The title refers both to the name of the world’s largest drug cartel and also to a wedding band.
In the film, Eggsy (Taron Egerton) returns to combat a new breed of super villain, namely Julianne Moore as Poppy. Moore plays the leader of the world’s largest drug syndicate that she operates from her secret lair located within a hidden ancient city in Cambodia that she’s tricked out with 1950s styled diners, theaters and bowling alleys.
Usually, I have no trouble telling white people apart but for the life of me if Egerton and Ansel Elgort (Baby Driver) were in a line-up next to each other they would look like the same person to my eyes.
Any movie that has Julianne Moore and Jeff Bridges as supporting actors and yet doesn’t have them in any scenes together automatically breaks the Fourth Law of Lebowski.
Director Matthew Vaughn will be forever in my list of great filmmakers for Layer Cake and Kick Ass. The latter film found pleasure in a kind of sordid social satire. Kingsman: The Perfect Circle wants to weave in layers of said satire that involves the US President (Bruce Greenwood — no stranger to the chief exec as he played JFK in 13 Days) wanting to put all the drug users in the world in interment camps, and that includes his chief of staff Fox (Emily Watson). While not totally without a few smiles for the most part this attempt at humor floats like a lead balloon.
Also, Vaughn cast Elton John in a sizable role playing himself and then allows the rock star to shamelessly mug to the camera. And he inexplicably brings Colin Firth back to life after being killed at point blank range in the original Kingsman.
Don’t worry, there will be a Kingsman 3 in your holiday stocking in a few years. For those who grew up with spy genre movies Kingsman: The Golden Circle resembles In Like Flint more than James Bond.
Kingsman: The Golden Circle opens wide this weekend.
On a brighter note, an undisputed heavyweight of 20th century cinema unwinds at the Museum of Fine Arts, Houston this Saturday afternoon.
Stalker from Russian filmmaker Andrei Tarkovsky demands to be seen on the big screen.
In European countries, a stalker is a word used to describe a person who takes willing participants into uncharted or banned territories. For instance, a friend on mine showed me a cell phone video of a trip to a closed amusement park she partook of while on a trip to Germany that was guided by a stalker. It’s well known that a person can travel to the cordoned off area around Chernobyl using stalkers as ad hoc guides.
Articles on Stalker (1979) tend to characterize the film as sci-fi, and perhaps this is because Tarkovsky previously directed the film Solaris (1972), an excursion into outer space that was even more metaphysical than Stanley Kubrick’s 2001: A Space Odyssey. But that’s like calling A Clockwork Orange sci-fi.

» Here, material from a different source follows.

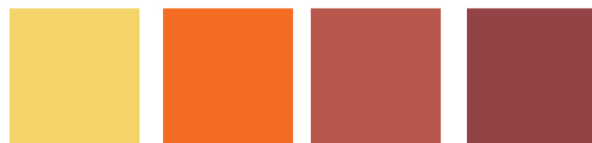
T67 Canary 62 Tangerine Tango T68 Spicy Chip TB6 Flame

Usually when I think of sci-fi it relates to a film like The Martian or even Event Horizon.
In Stalker, two men, a scientist and a writer, hire a stalker to take them to an area the size of a New England that has been fenced off by the government. The area is totally banned yet rumors suggest that there is a dwelling area that has superficial effects on visitors. Hell, I’m signing up for that trip right now. The “zone” makes the Marfa Lights looks like the hoax it is.

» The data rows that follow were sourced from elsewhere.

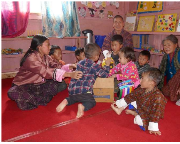
Toys for Bebzur ECCD
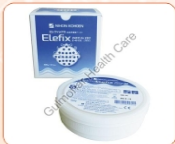
NEUROLOGY PASTE AND GEL
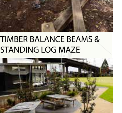
CoM STANDARD PICNIC TABLES AND DOUBLE BBQ AREA
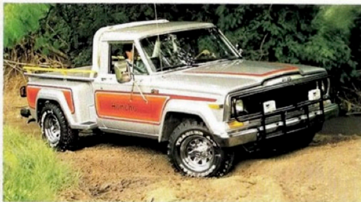
Jeep J-10 Honcho Sportside
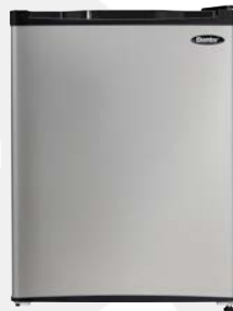
2.3 CU. FT.

Tarkovsky starts the film with a monochromatic sepia tone and only resorts to color when the characters are in the zone. Perhaps not oddly, a climatic fight sequence in the current film Atomic Blonde takes place in an East German movie theater showing Stalker in 1989.
Personally, your humble scribe has only seen Stalker once and that was at a film festival in 2024. It was a late afternoon screening and I’d been watching films all day since 8 am. The location altitude of 8000+ feet may have induced a bit of sleepiness and for a couple of minutes; I was in a hypnogogic state watching the film. I swear to you as I was watching the film I would doze off for a few seconds and in that time I was hearing the film in English. And then when I would wake up the film was back in Russian. True story.

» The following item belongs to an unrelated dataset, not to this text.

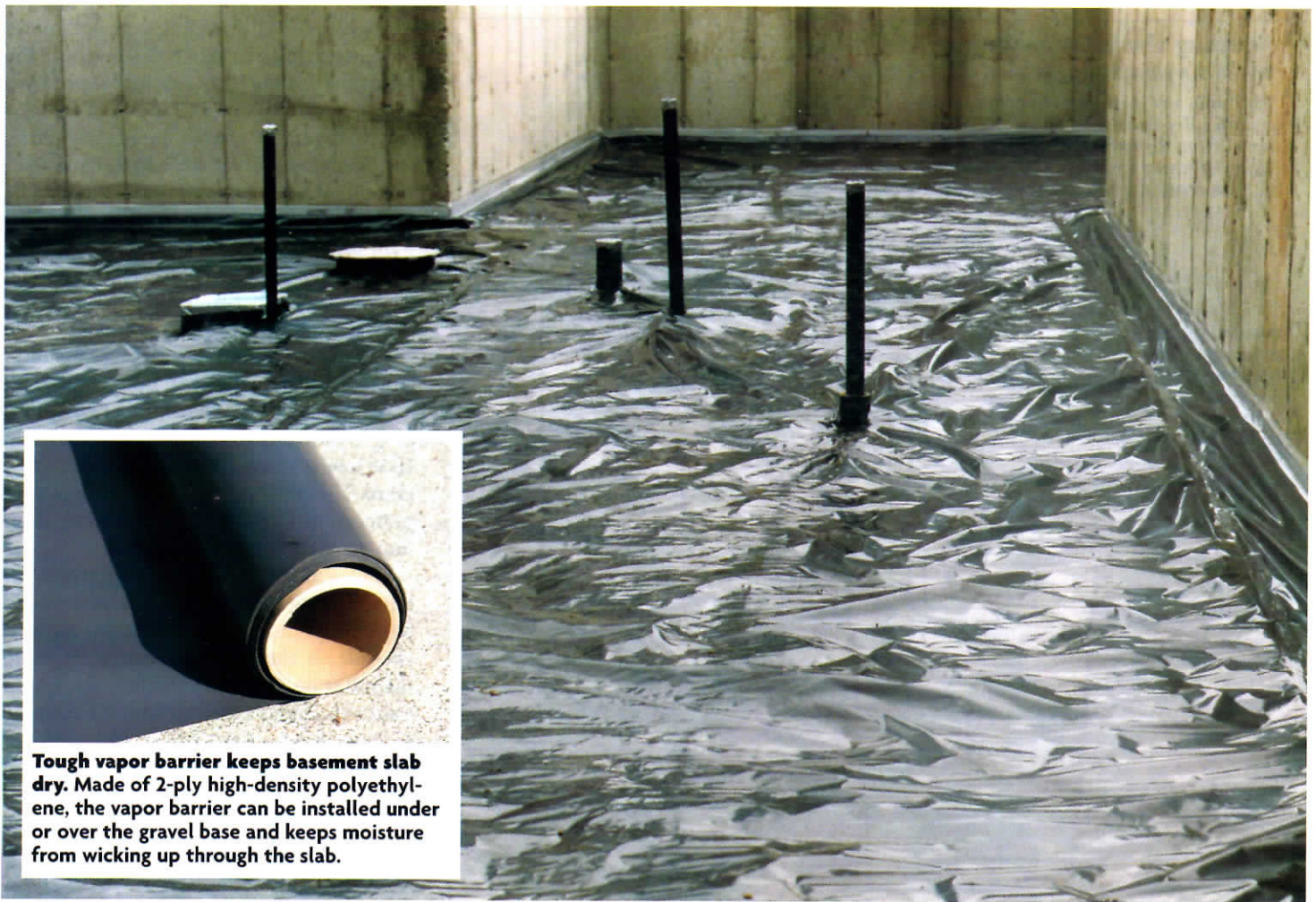
Tough vapor barrier keeps basement slab dry. Made of 2-ply high-density polyethylene, the vapor barrier can be installed under or over the gravel base and keeps moisture from wicking up through the slab.

4 in. instead of the usual 2 in. by 3 in.; this will also drain the gutter twice as fast in a heavy rain. The underground drain itself can be enlarged to a 6-in. dia. if necessary. In the drain, it's best to avoid 90° bends, which trap leaves and gunk, and use 45° bends instead. If there's a long run of gutter, give it two outlets. Finally, never connect the gutter drains to the footing drains, no matter how far downstream. Gutter drains are always voted "most likely to clog" and will back up the footing drains, too.

British writer Geoff Dyer has written a book titled Zona: A Book About a Film About a Journey To a Room, which is essentially a 217-page essay on Tarkovsky’s movie.
On page 46 Dyer writes: “In his poem ‘The Movies’, Billy Collins says he’s in the mood to watch a film in which ‘someone embarks on a long journey, a movie with the promise of danger.’ I like movies like that too, whether the journey is by boat (Apocalypse Now, Deliverance), train (Von Ryan’s Express) or car (take your pick). The idea of a road movie is almost tautologous in that all movie are — or should be — journeys, it’s just that some of them are so tedious you’d rather be on a bus from Oxford to London. Stalker is a literal journey that is also a journey into cinematic space and — in tandem — into time.”
Stalker unwinds at the MFAH on Saturday, September 23 at 2 pm.